* MATERIAL PROVIDED *
Content starts

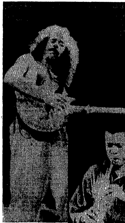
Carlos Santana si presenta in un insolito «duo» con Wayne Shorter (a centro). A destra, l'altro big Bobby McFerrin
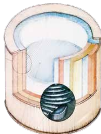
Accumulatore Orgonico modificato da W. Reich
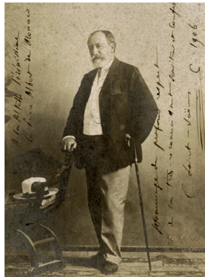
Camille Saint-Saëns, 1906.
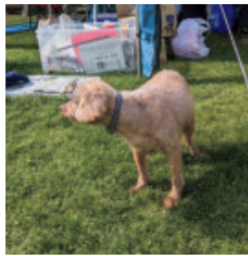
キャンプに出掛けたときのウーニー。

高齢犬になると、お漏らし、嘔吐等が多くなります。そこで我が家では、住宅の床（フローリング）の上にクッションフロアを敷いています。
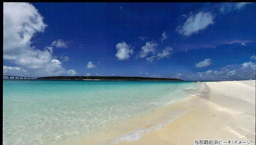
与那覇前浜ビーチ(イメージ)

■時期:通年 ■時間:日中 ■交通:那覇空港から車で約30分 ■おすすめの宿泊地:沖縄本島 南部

Content ends
Content starts

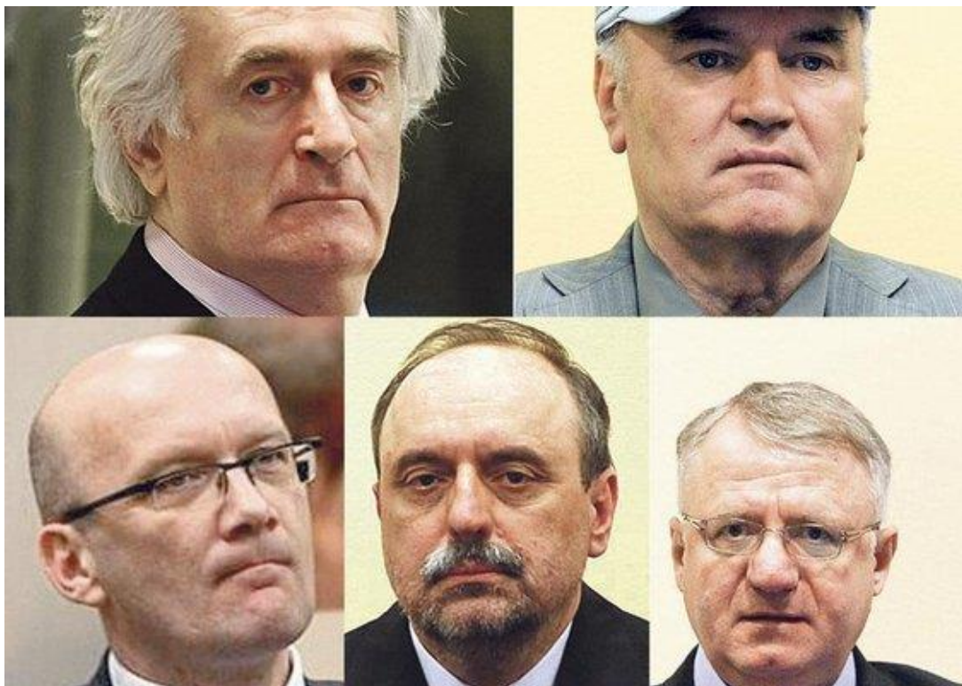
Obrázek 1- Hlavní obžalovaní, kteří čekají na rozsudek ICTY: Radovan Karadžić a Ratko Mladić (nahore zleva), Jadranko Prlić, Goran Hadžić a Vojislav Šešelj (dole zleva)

Content ends
Content starts

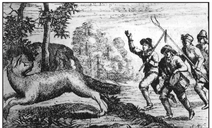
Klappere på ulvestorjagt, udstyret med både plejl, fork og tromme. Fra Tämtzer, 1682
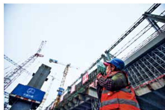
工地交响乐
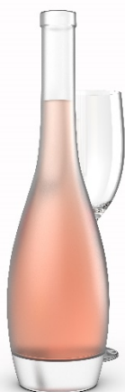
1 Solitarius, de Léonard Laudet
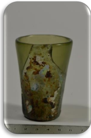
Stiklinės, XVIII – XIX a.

Content ends

* ASSIGNMENT *
Using the entries above, transcribe every line from the line containing "1 Solitarius, de Léonard Laudet" through the line containing "Stiklinės, XVIII – XIX a.". Do not copy pictures.

* TASK RESPONSE *
1 Solitarius, de Léonard Laudet
Stiklinės, XVIII – XIX a.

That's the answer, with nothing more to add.